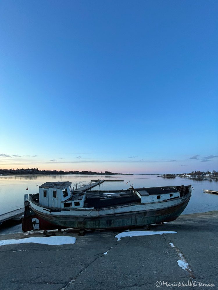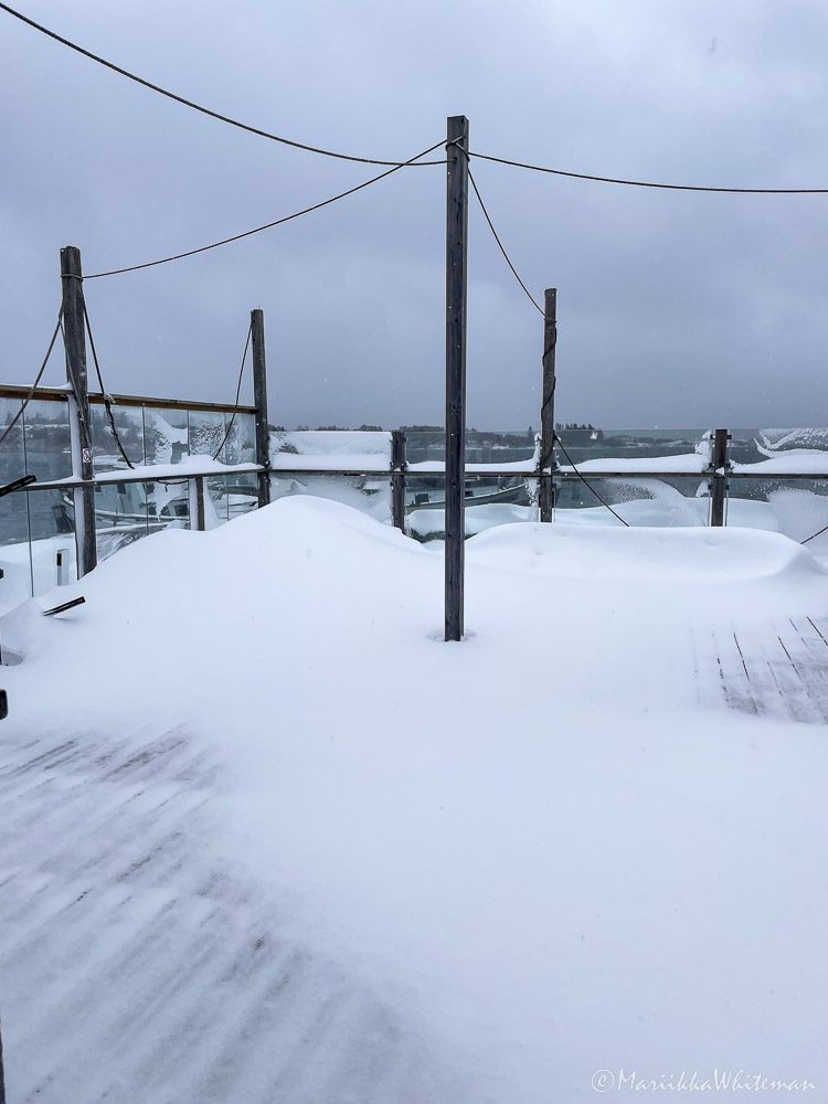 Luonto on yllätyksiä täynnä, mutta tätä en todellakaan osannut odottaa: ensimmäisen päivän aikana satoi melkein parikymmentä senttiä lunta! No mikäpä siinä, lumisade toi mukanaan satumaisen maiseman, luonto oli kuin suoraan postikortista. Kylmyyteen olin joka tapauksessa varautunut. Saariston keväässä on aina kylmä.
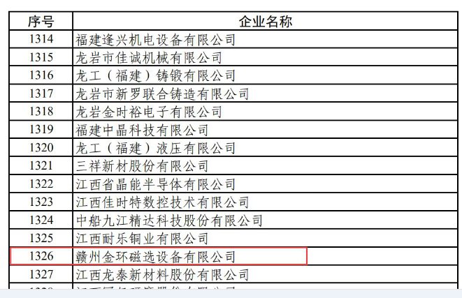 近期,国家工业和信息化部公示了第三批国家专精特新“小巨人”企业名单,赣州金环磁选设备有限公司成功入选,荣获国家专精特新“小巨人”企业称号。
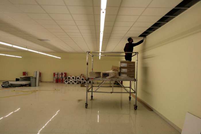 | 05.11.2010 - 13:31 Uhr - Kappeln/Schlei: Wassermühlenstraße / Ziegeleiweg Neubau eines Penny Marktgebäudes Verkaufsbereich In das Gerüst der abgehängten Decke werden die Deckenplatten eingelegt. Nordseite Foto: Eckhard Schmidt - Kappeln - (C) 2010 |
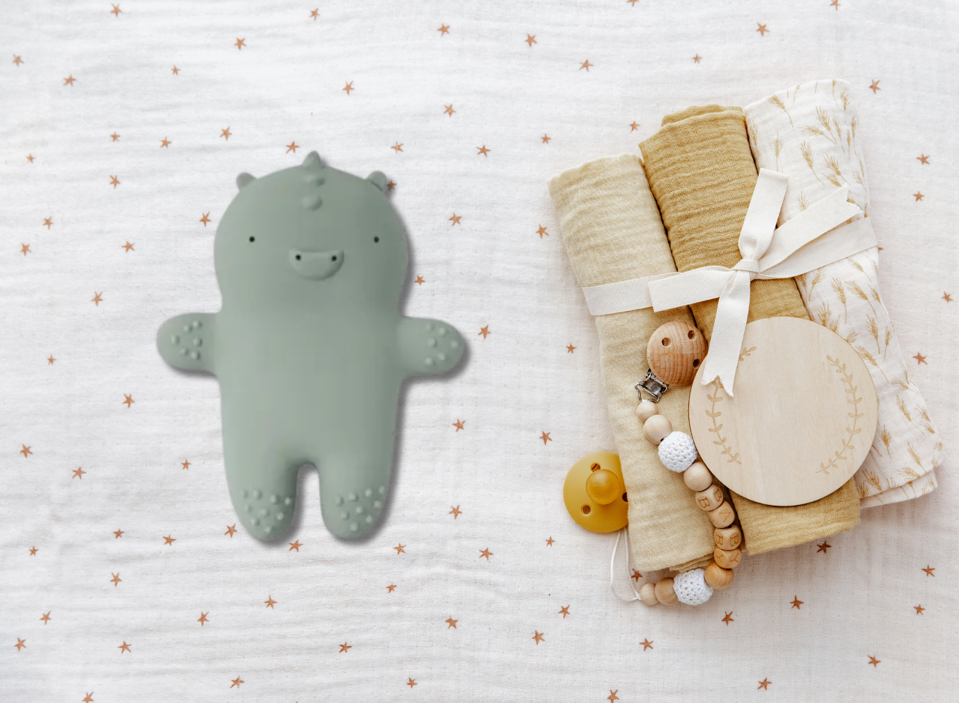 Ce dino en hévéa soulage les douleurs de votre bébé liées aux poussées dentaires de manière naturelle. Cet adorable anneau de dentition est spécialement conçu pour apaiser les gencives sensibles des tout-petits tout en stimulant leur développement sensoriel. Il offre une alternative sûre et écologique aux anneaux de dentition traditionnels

_Directions for this task:_ Pictures should not appear in the copy. Write out exactly the lines above from the first one through the line that contains "- (C) 2010 |".

_Exercise response:_
 Luonto on yllätyksiä täynnä, mutta tätä en todellakaan osannut odottaa: ensimmäisen päivän aikana satoi melkein parikymmentä senttiä lunta! No mikäpä siinä, lumisade toi mukanaan satumaisen maiseman, luonto oli kuin suoraan postikortista. Kylmyyteen olin joka tapauksessa varautunut. Saariston keväässä on aina kylmä.
 近期,国家工业和信息化部公示了第三批国家专精特新“小巨人”企业名单,赣州金环磁选设备有限公司成功入选,荣获国家专精特新“小巨人”企业称号。
 | 05.11.2010 - 13:31 Uhr - Kappeln/Schlei: Wassermühlenstraße / Ziegeleiweg Neubau eines Penny Marktgebäudes Verkaufsbereich In das Gerüst der abgehängten Decke werden die Deckenplatten eingelegt. Nordseite Foto: Eckhard Schmidt - Kappeln - (C) 2010 |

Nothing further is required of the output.